During the march, protestors chanted such slogans as ‘Boycott French products’ and called for the French leader to be punished over his reported Islamophobic remarks
Thousands of protestors for the second consecutive day marched through Dhaka streets in anti-France rallies over President Emmanuel Macron’s defence of cartoons depicting Prophet Mohammed (pbuh).
A large number of demonstrators on Wednesday gathered in front of Baitul Mukarram National Mosque, under the banner of Islami Oikya Jote, and burned an effigy of President Macron.
During the march, the protestors chanted such slogans as “Boycott French products” and called for the French leader to be punished over his reported Islamophobic remarks and stance.
Islami Oikya Jote Chairman Maulana Abdul Hasnat said: “We demand that all French products be nationally boycotted.”
Befaqul Madarishil Arabia Bangladesh’s Mirpur branch also held a demonstration condemning the French president’s alleged anti-Islamic stance.
Protests held across Bangladesh
Anti-France protests were also reported in other parts of the country, including Gopalganj, Mymensingh, Jessore and Jamalpur.
Islamist activists, scholars, teachers and madrasa students brought out rallies and formed human chains condemning the cartoons depicting Prophet Mohammed (pbuh) in France.
Protestors in Jamalpur urged the government to summon the French ambassador to Bangladesh to condemn such anti-Islamic activities.
In their demonstrations, the protesters urged all to boycott French products.
Of late, protests have erupted in Muslim-majority countries in the world along with calls to boycott French goods, after President Emmanuel Macron criticized Islamists and vowed not to "give up cartoons" depicting the Prophet.
Macron's comments, on Wednesday, came in response to the beheading of a teacher, Samuel Paty, outside his school in a suburb outside Paris earlier this month, after he had shown cartoons of the Prophet during a class he was leading on free speech, reports AFP.
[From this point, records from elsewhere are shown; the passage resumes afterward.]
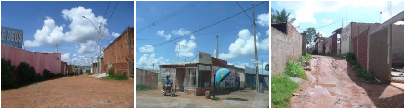
Figure 3 - Sol Nascente, Brasilia, Brazil.

It starts from the understanding of favela as something in permanent development, breaking with the tradition of perceiving in its informality something undesired, because like the city that embraces it, this is not a fixed state but a space in constant adaptation. This process that materializes over time allows it to adjust according to its own rules and emerging processes that Salingaros (2005) calls self-healing. The author considers that spaces such as favelas should be deeply studied and their spatial logics understood before any intervention, since it already contains useful properties to a proper development as an urban space (2005). Usually understood as spatially segregated fractions of strong organicity, they tend to remain interpreted in their problems and needs, so the inherent potential tends to be neglected or ignored.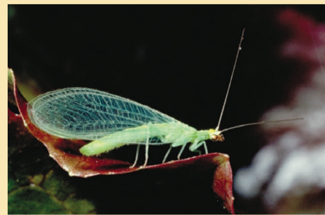
Green lacewing adults eat nectar and pollen. Some species also eat insects.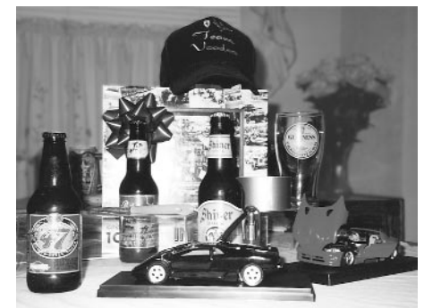
"Trophies" amidst some of the dead soldiers that it took to get them assembled.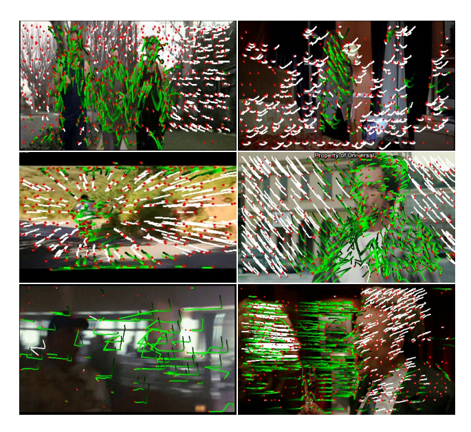
Figure 3. Examples of removed trajectories under various camera motions, e.g. , pan, zoom, tilt. White trajectories are considered due to camera motion. The red dots are the trajectory positions in the current frame. The last row shows two failure cases. The left one is due to severe motion blur. The right one fits the homography to the moving humans as they dominate the frame.

The rest of the paper is organized as follows. In section 2, we detail our approach for camera motion estimation and discuss how to remove inconsistent matches due to humans. Experimental setup and evaluation protocols are explained in section 3 and experimental results in section 4. The code to compute improved trajectories and descriptors is available online. <sup>1</sup>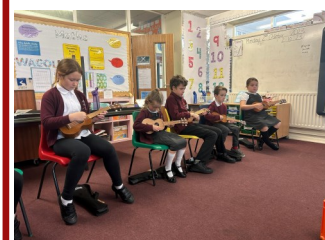
Learning to play Ukuleles with Cumbria Music Hub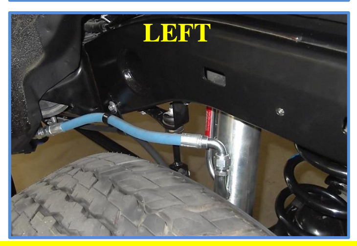
IMPORTANT: Read all instructions thoroughly from start to finish before beginning the install. Check parts list and make sure all parts are included in the kit. If the instructions are not properly followed severe frame, driveline and/or suspension damage may result. Check for frame and suspension damage prior to installation.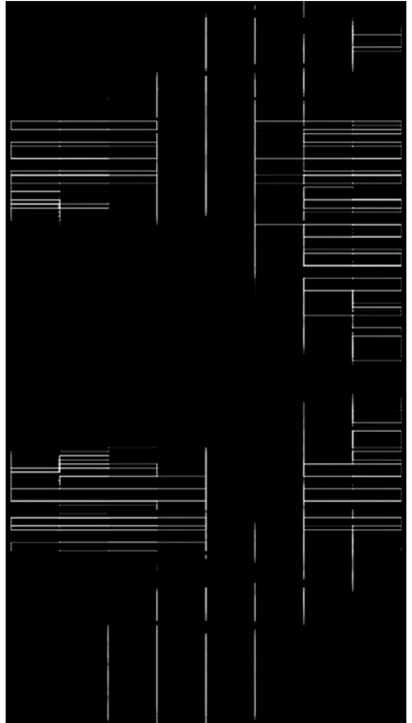
glint 2012 moving image installation (still) dimension variable 44'00" ed. 3+1 ap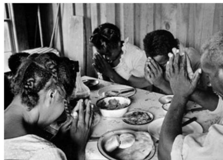
A Southern sharecropping family saying grace. Lack of proper nutrition was never a factor pre-War for slaves or Plain Folk of the Old South.

In addition to the social cost there was also a financial cost to moving large numbers of Southern families each year. As previously noted it has been estimated that the cost of sharecropper migration across the South as late as 1938 was $25,000,000 annually and of course this cost had to be paid by individual sharecropping families. Under chattel slavery the cost of moving (which happened rarely) was paid by the plantation owner—but under sharecropping slavery the cost was born by black and white sharecroppers. This is yet again another example of how the system of sharecropping slavery prevented the accumulation of capital by millions of white and black Southern farmers. It represents millions of dollars that were wasted—not saved and invested but wasted in order for the family to merely survive in this “one nation with liberty and justice for all.” Of course “liberty and justice for all” excludes people of the defeated and occupied Confederate States of America.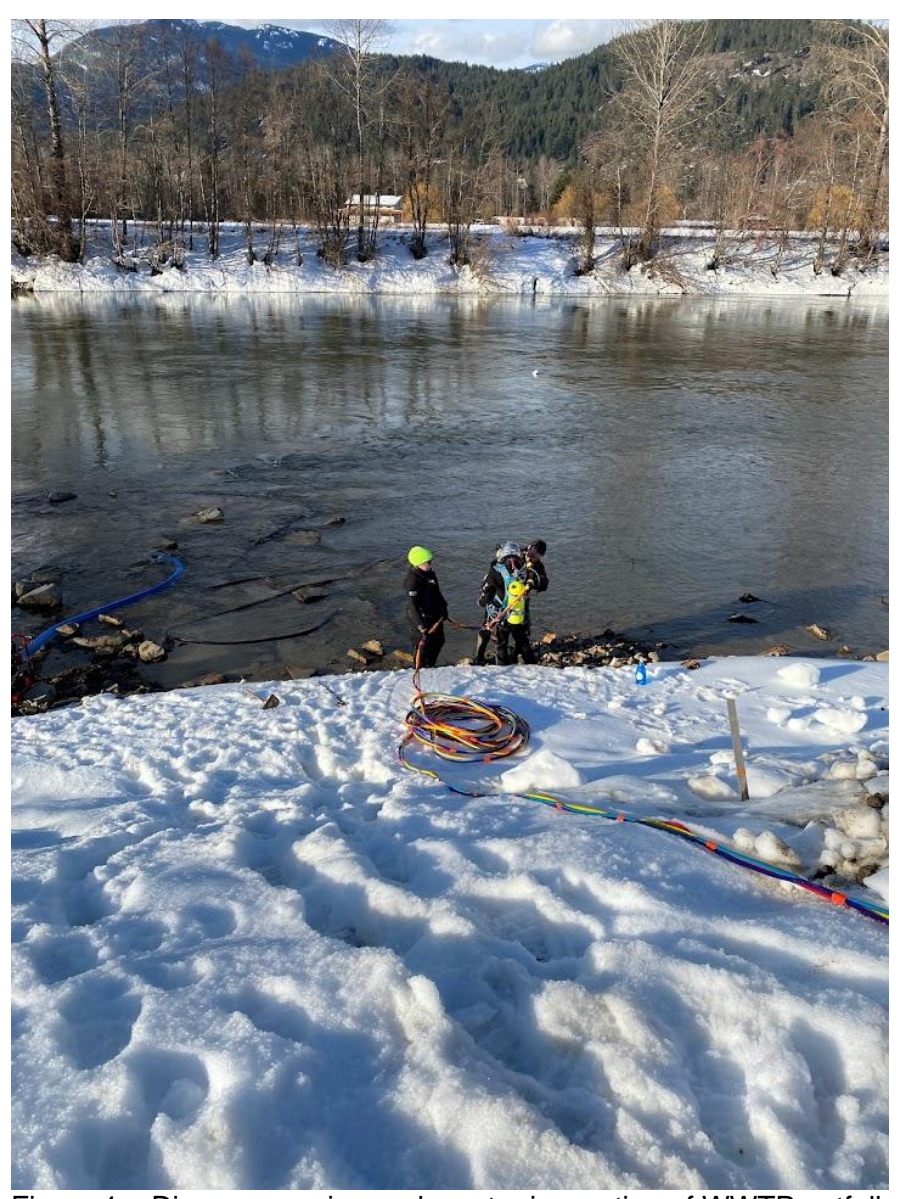
Figure 1 – Divers preparing underwater inspection of WWTP outfall

Below are photos of some of the activities that took place in the first quarter.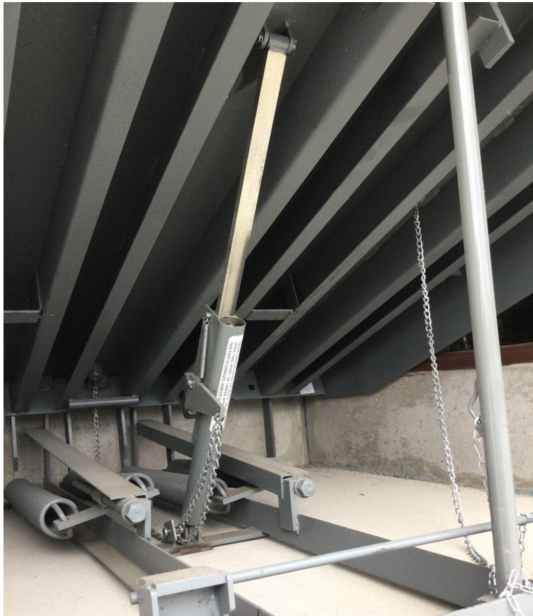
Hold-down device underneath a Rite-Hite® mechanical leveler.

Reliable tooth engagement to help hold mechanical levelers in place for safe loading procedures.

Macron said the teacher "was killed because Islamists want our future."
The teacher became the target of an online hate campaign over his choice of lesson material -- the same images that unleashed a bloody assault by Islamist gunmen on the offices of the satirical magazine Charlie Hebdo, the original publisher, in January 2015.
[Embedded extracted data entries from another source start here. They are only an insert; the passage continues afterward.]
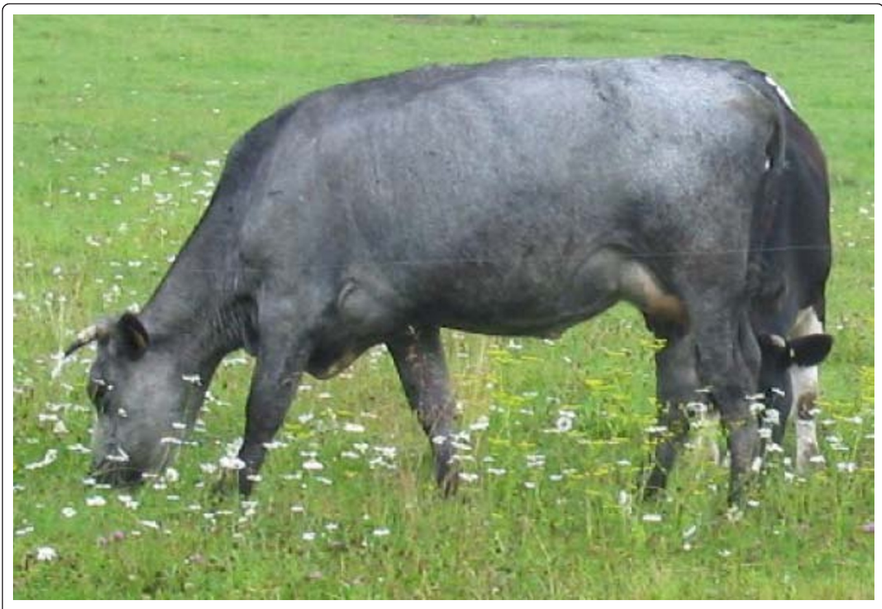
Figure 1 A grey cow from the Vahtramäe farm in Estonia.

Eleven Estonian grey cattle individuals from different stocks were blood-sampled. Particular efforts were made in all cases, using both the limited pedigree information (e.g. mostly only parent-offspring and full-sibling relationships) available and the knowledge of local herdsmen (e.g. the farm or village where the cattle originate from and the previous owners) via the interview questionnaire, to ensure that the animals were unrelated and had characteristics typical of the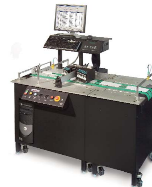
QuikJet 56 configured with 4.5" of print and 56" in length.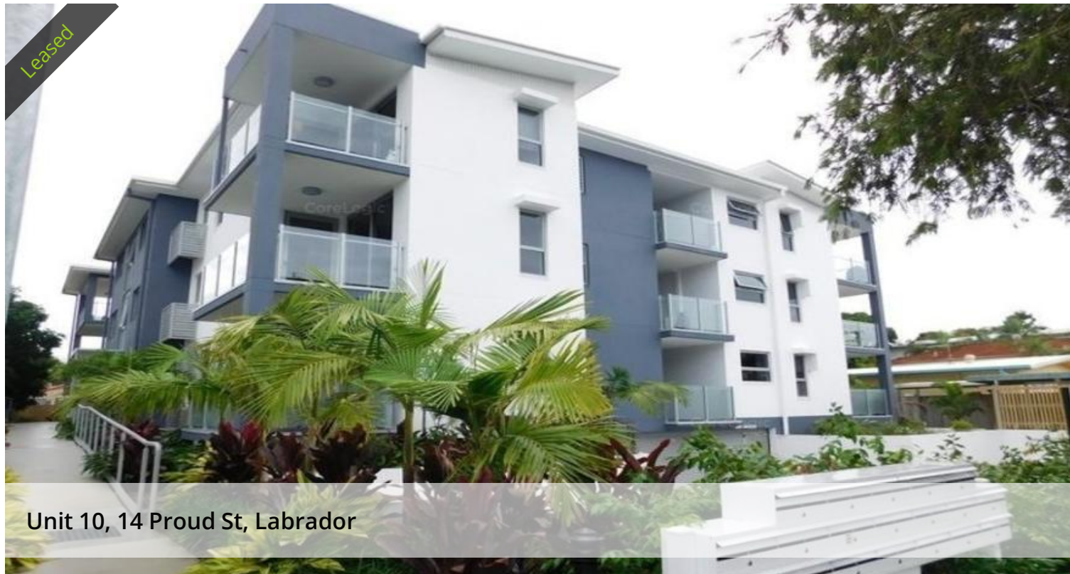
Unit 10, 14 Proud St, Labrador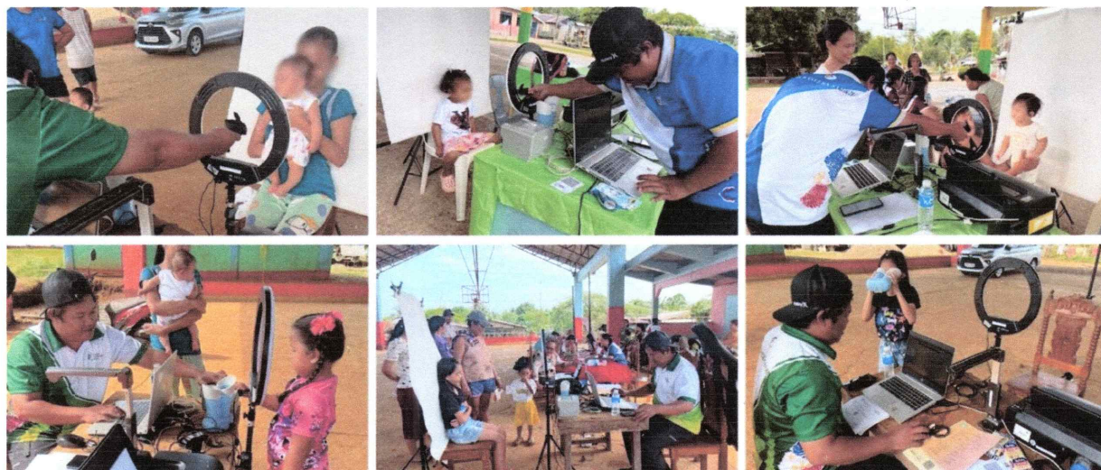
NID Team in action during BRAP and National ID Registration in Salcedo, E. Samar.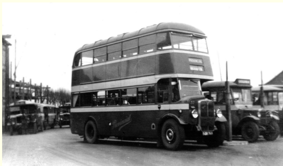
1936 heralded the first new double deckers for the fleet in the form of Park Royal-bodied AEC Regents 34-37 (BOR 766-769). 37 is seen here at Gosport Ferry in its original livery with the cream stripe below the upper deck windows. At least 3 Leyland Lions are also visible in the background.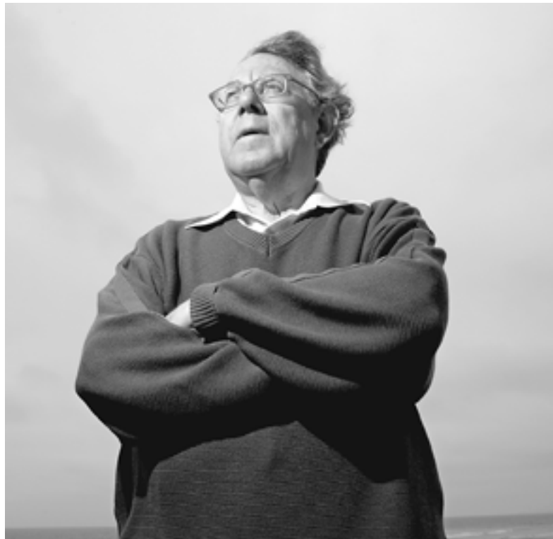
Nobel laureate Paul J. Crutzen favors a planetary “shade.”

As the sole historian at the NASA conference, I may have been alone in my appreciation of the irony that we were meeting on the site of an old U.S. Navy airfield literally in the shadow of the huge hangar that once housed the ill-starred Navy dirigible U.S.S. Macon . The 785-foot-long Macon , a technological wonder of its time, capable of cruising at 87

Also Read- Prophet Muhammad cartoon protests hit Dhaka
Caricatures of Prophet Muhammad (pbuh) are forbidden by Islam.
On Sunday, Pakistani Prime Minister Imran Khan accused the French president of "attacking Islam," after the European leader criticized Islamists and defended the publication of the Prophet's cartoons.
"By attacking Islam, clearly without having any understanding of it, President Macron has attacked & hurt the sentiments of millions of Muslims in Europe & across the world," he said in a tweet.